NASA presents evidence that microwave thrusters seem to work - jchesters
http://www.wired.co.uk/news/archive/2014-07/31/nasa-validates-impossible-space-drive
======
daeken
Wow. My gut tells me something is wrong here, and that this is being
mismeasured. However, this would be an _enormous_ breakthrough if it pans out,
even at the low levels NASA has seemingly confirmed.

We're very good at generating power in space; solar is basically infinite in
the inner parts of our solar system, and we have a lot of experience with RTGs
and other power generation mechanisms. If we can directly turn power into
thrust without burning fuel in the process, this truly changes everything.

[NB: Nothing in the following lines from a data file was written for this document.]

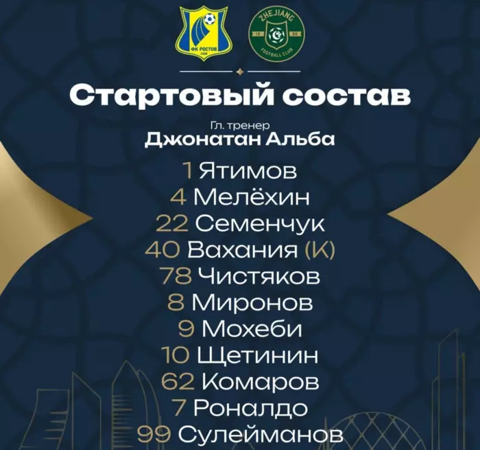 "Ростов" объявил стартовый состав на матч против китайского "Чжецзян Профешнл".
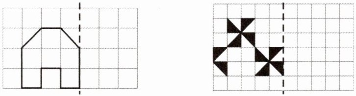 本题可根据轴对称图形的性质,通过对称点到对称轴的距离相等来画出另一半。步骤一:分析第一个图形 - 对于第一个图形(类似房子形状):先找出已知图形各顶点关于对称轴的对称点。例如,图形最上面的顶点,测量其到对称轴的水平距离,然后在对称轴另一侧相同距离处确定对称点。对于图形的其他顶点(如房子的轮廓顶点、门的顶点等),都按照同样的方法确定对称点。最后,依次连接这些对称点,就可以画出该轴对称图形的另一半。步骤二:分析第二个图形 对于第二个图形(由多个三角形组成的图案):同样先确定每个三角形顶点关于对称轴的对称点。由于这些三角形分布较为分散,需要仔细测量每个顶点到对称轴的距离(水平或垂直距离,根据顶点位置而定)。比如左上角三角形的顶点,测量其到对称轴的水平距离,在对称轴另一侧确定对称点;对于一些垂直方向有位置的顶点,测量其垂直距离确定对称点。确定所有顶点的对称点后,连接这些对称点,完成该轴对称图形另一半的绘制。综上,按照上述方法即可画出两个轴对称图形的另一半(由于是画图题,此处无法直接呈现图形,你可根据上述步骤自行绘制)。
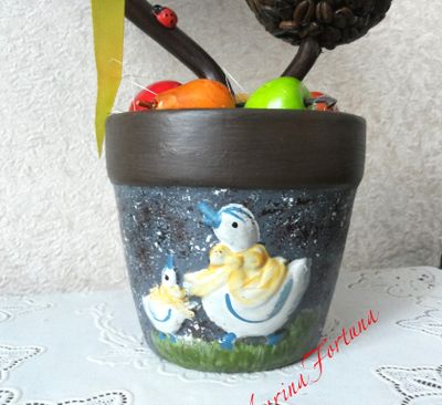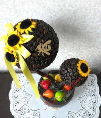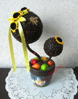 кофейный топиарий "Подсолнушек" высота около 25см. Керамическое кашпо
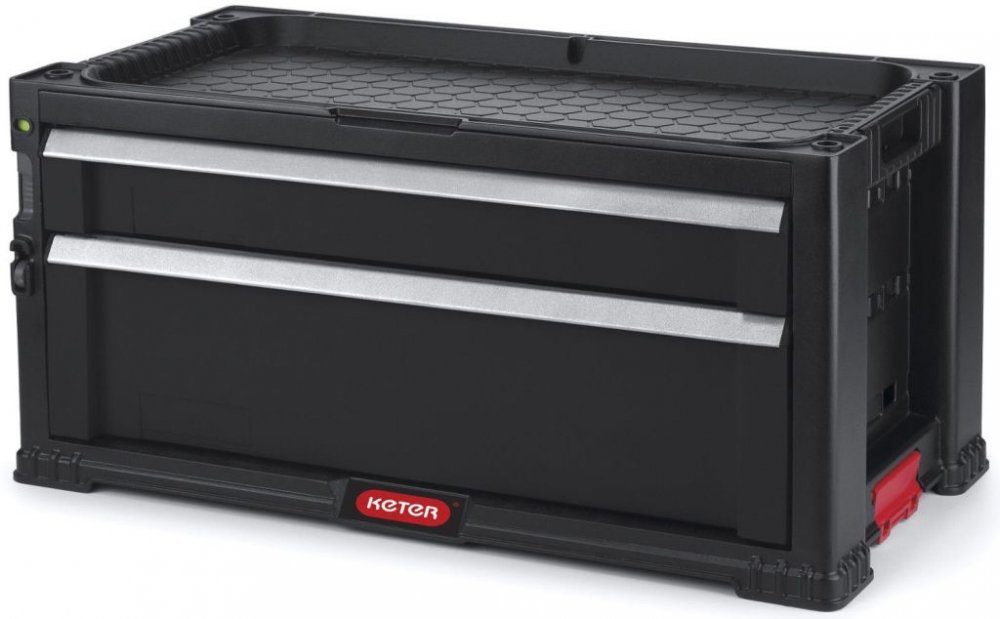 Dělící příčky lze snadnou vyjmout a prostor uspořádat dle svých potřeb. Stohovatelný design se snadnou montáží a demontáží dalších bloků. Dílenský vozík Keter je vyroben z pevného a odolného plastu. Tento materiál nepodléhá korozí, nepotřebuje dodatečnou úpravu povrchu a bude vám sloužit dlouhou dobu.
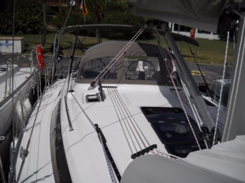 | Outside | Biminitop, Cockpitlautsprecher, Cockpitpolster, Cockpittisch, elektr. Ankerwinsch, Heckdusche, Sprayhood, Teak im Cockpit, Windex |

But as I said, I think this will end up not panning out for one of these
reasons: 1) The microwaves bouncing around cause a small amount of material to
be lost and be sent out of the device, causing the thrust. 2) The RF in play
is throwing off detection (this, to me, seems most likely -- it could explain
the thousandfold difference in detected thrust levels between the Chinese and
US tests). 3) Some sort of effect that is linked to gravity. No idea what,
though.

I really look forward to further testing.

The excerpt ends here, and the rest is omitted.